Three days later she called me to make our first sexual assignation. Her lover, the man whose mistress she was, was a banker, a wealthy banker. But he also had some kind of hush-hush function or other, that I never clearly understood, with the Government. Her lover: I guess I
must
call him that: he paid her bills and apartment:
I
certainly didn’t:
I
was more or less
her
“mister”, since it was she who spent money on me—at least when she cooked for me:—Anyway, her lover would pass on to her bits of sometimes important Government information for her to use to aid herself, and she would in turn pass these on to me. Like that thing about de Gaulle’s attack on the dollar. She knew a lot of what went on.

But it was more than that. There was something about her, something hard and cold-blooded and sharply French, in that hard-hearted, no-nonsense, tough-minded French way, that seemed to make her know beforehand what France and the French were going to do at any given period or moment. And she could predict them.

I’ve always felt that maybe her life she had lived accounted for this strange predictive quality she had about the French. She had had an oddly comic if, for her, not very happy life and set of experiences in her 32 years.

I think I would have called it laughable, if it were someone else than Martine, somebody I didn’t know. She had come from a small town in the South. It’s hard to believe how primitive and backward and set in their ways most of those towns can be. Her people were
petits commerçants,
and at 16 her parents had farmed her out as mistress to one of the local richies. This was natural enough, as she was their only beautiful child. But this young man, a spoiled brat apparently, had treated her badly. So she had secretly saved everything he gave her, trading presents in for cash at another town nearby, and swiped a bit more from her folks until she had enough to cut and run for Paris. This had taken her three years. In Paris she had modeled a little, drifted into the boutique world, first as receptionist, then as head saleswoman, then into the managerial side, and there she met the man who became her first official Paris lover and took her officially as his mistress.
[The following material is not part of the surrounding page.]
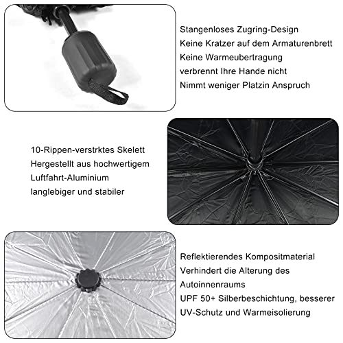 【Facile da Piegare e Conservare】 Questo coprisole auto parabrezza interno è una volta chiuso è estremamente compatto, esattamente come un comune ombrello. L'apertura a forma di ombrello del parasole auto copre l'intero vetro del finestrino anteriore della vostra auto quando è aperto, è possibile rendere il parasole si adatta perfettamente al parabrezza in pochi secondi senza utilizzare ventose o adesivi.

He too had been a rich banker, and in fact was a good friend of her present banker. With him, the first banker, she had done very well. Unfortunately, five years ago he had died of a heart attack quite suddenly.

He had never put her apartment in her own name. Hardly any of them ever did, she told me. It made it too expensive to change mistresses. The result was that the man’s family, with their lawyers, but led by the wife, had moved in immediately and locked her out of her apartment. Everything she owned in the world except the clothes on her back was in it: all her expensive outfits: her jewelry he had given her: her shoes: make-up: everything. His wife, the widow, through her lawyers, claimed it all, and the courts awarded it all to her.

Martine did not seem to feel that there was anything personally vindictive in the widow’s action, but rather that it was a normal piece of hard-headed French business. In the wife’s place, she would have done the same.